"""

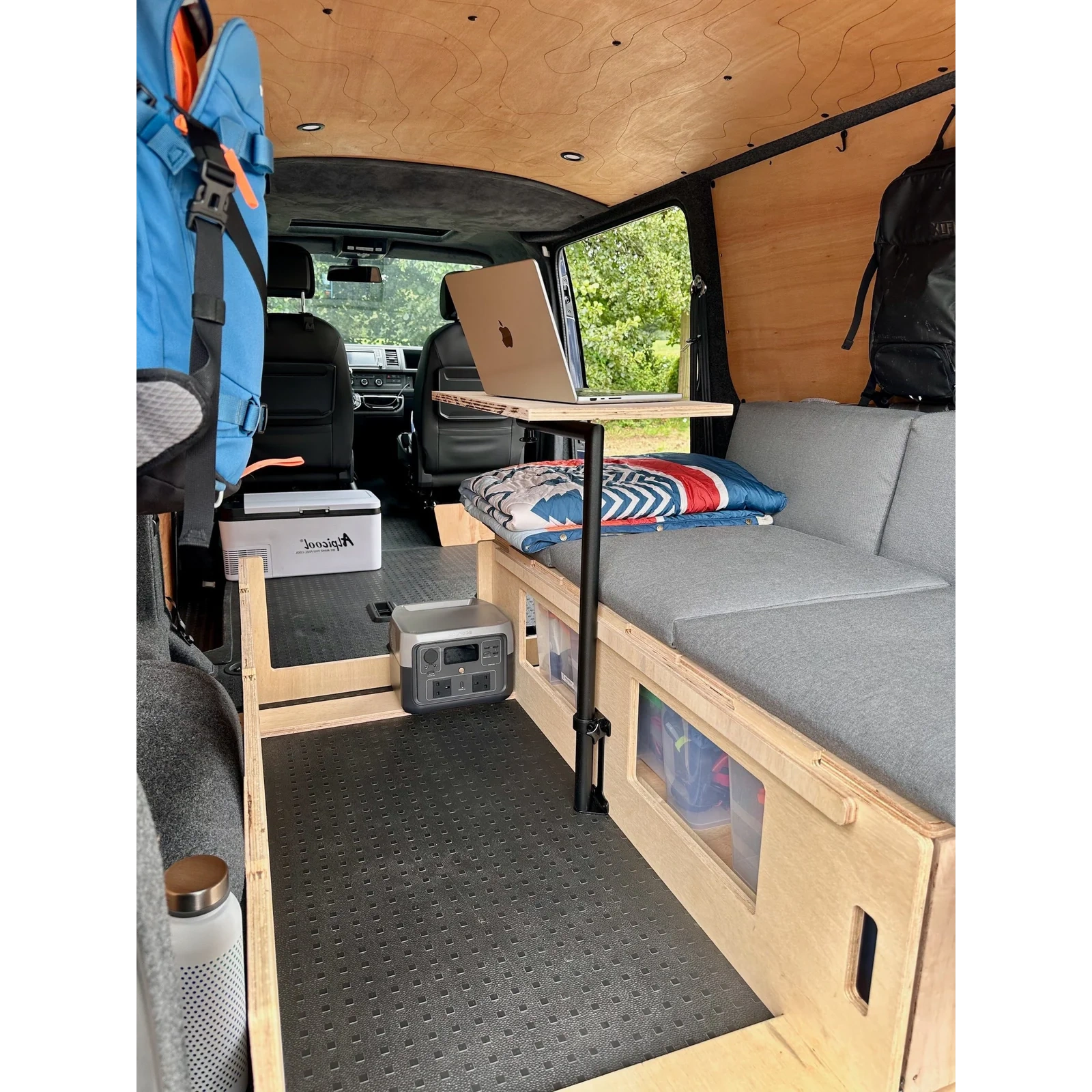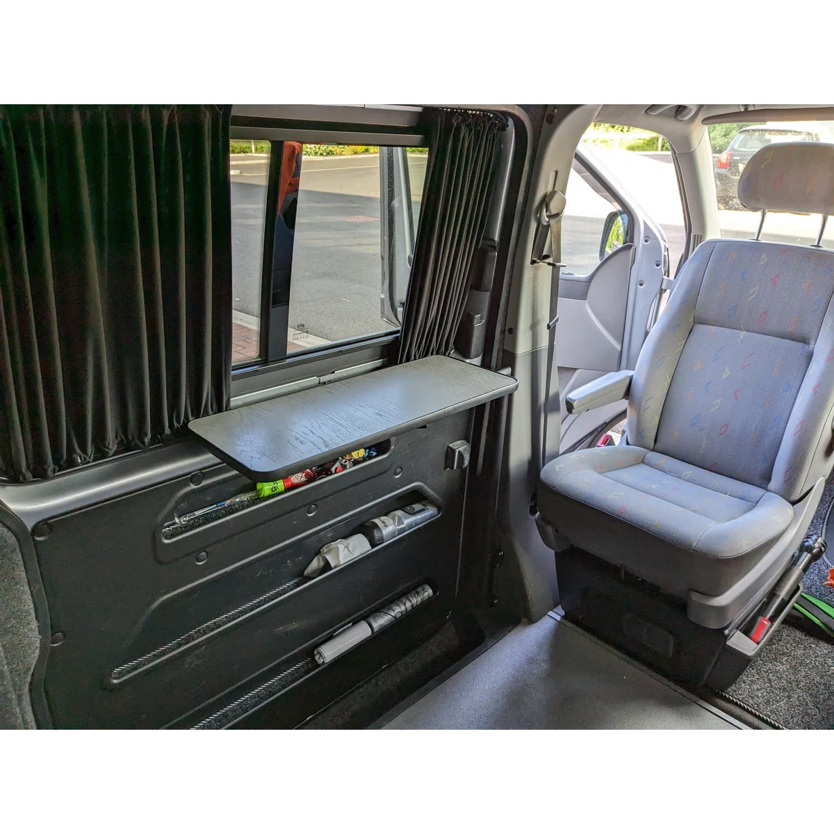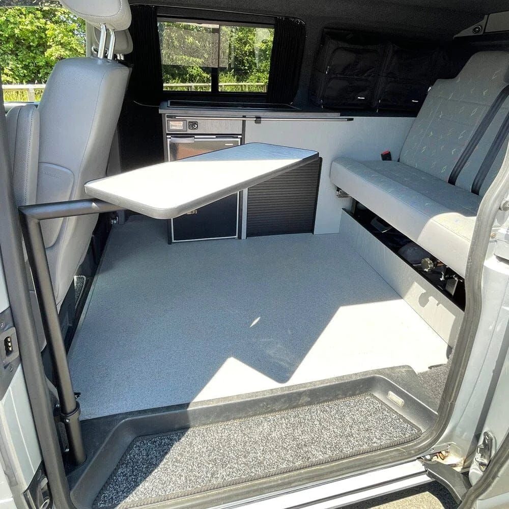 Maximales Tischgewicht: 5 kg (das empfehlen wir, aber das hängt von verschiedenen Faktoren ab - z.B. von den Befestigungen, die Sie verwenden, um das Tischbein an Ihrem Van zu sichern, und von der Stärke der Tischplatte)
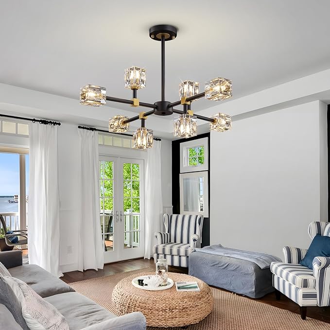 Black Sputnik Chandelier,Crystal Chandeliers with 8-Lights,Modern Semi Flush Mount Ceiling Light Fixture with Adjustable Height,Pendant Light Fixture for dining room,kitchen island,bedroom,living room
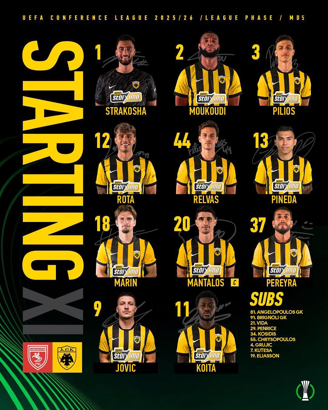 Η ΑΕΚ δίνει σήμερα ένα από τα πιο κρίσιμα παιχνίδια της στη φετινή ευρωπαϊκή της πορεία, αντιμετωπίζοντας στη Σαμψούντα τη Σάμσουνσπορ για την προτελευταία αγωνιστική του Conference League. Λίγο πριν τη σέντρα η ενδεκάδα. Με άλλα λόγια, έγιναν γνωστές οι επιλογές του Μάρκο Νίκολιτς για την ενδεκάδα που θα παρατάξει στην Τουρκία.
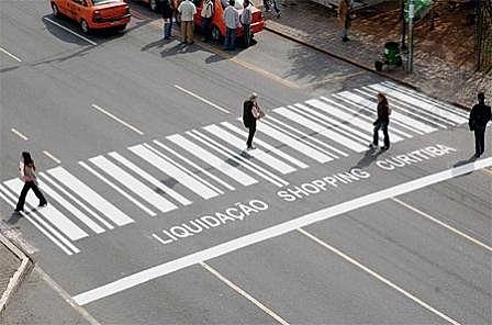 巴西這條斑馬線,將斑馬線變成商品條碼,像在提醒人們,快快來消費,馬路上還大剌剌的寫上購物中心的名稱!

"""

## [ABOUT THIS TASK]
Nothing but the lines from the one that contains "Black Sputnik Chandelier,Crystal" through the last line of the material should be written out, exactly. Omit pictures.

## [EXERCISE SOLUTION]
 Black Sputnik Chandelier,Crystal Chandeliers with 8-Lights,Modern Semi Flush Mount Ceiling Light Fixture with Adjustable Height,Pendant Light Fixture for dining room,kitchen island,bedroom,living room
 Η ΑΕΚ δίνει σήμερα ένα από τα πιο κρίσιμα παιχνίδια της στη φετινή ευρωπαϊκή της πορεία, αντιμετωπίζοντας στη Σαμψούντα τη Σάμσουνσπορ για την προτελευταία αγωνιστική του Conference League. Λίγο πριν τη σέντρα η ενδεκάδα. Με άλλα λόγια, έγιναν γνωστές οι επιλογές του Μάρκο Νίκολιτς για την ενδεκάδα που θα παρατάξει στην Τουρκία.
 巴西這條斑馬線,將斑馬線變成商品條碼,像在提醒人們,快快來消費,馬路上還大剌剌的寫上購物中心的名稱!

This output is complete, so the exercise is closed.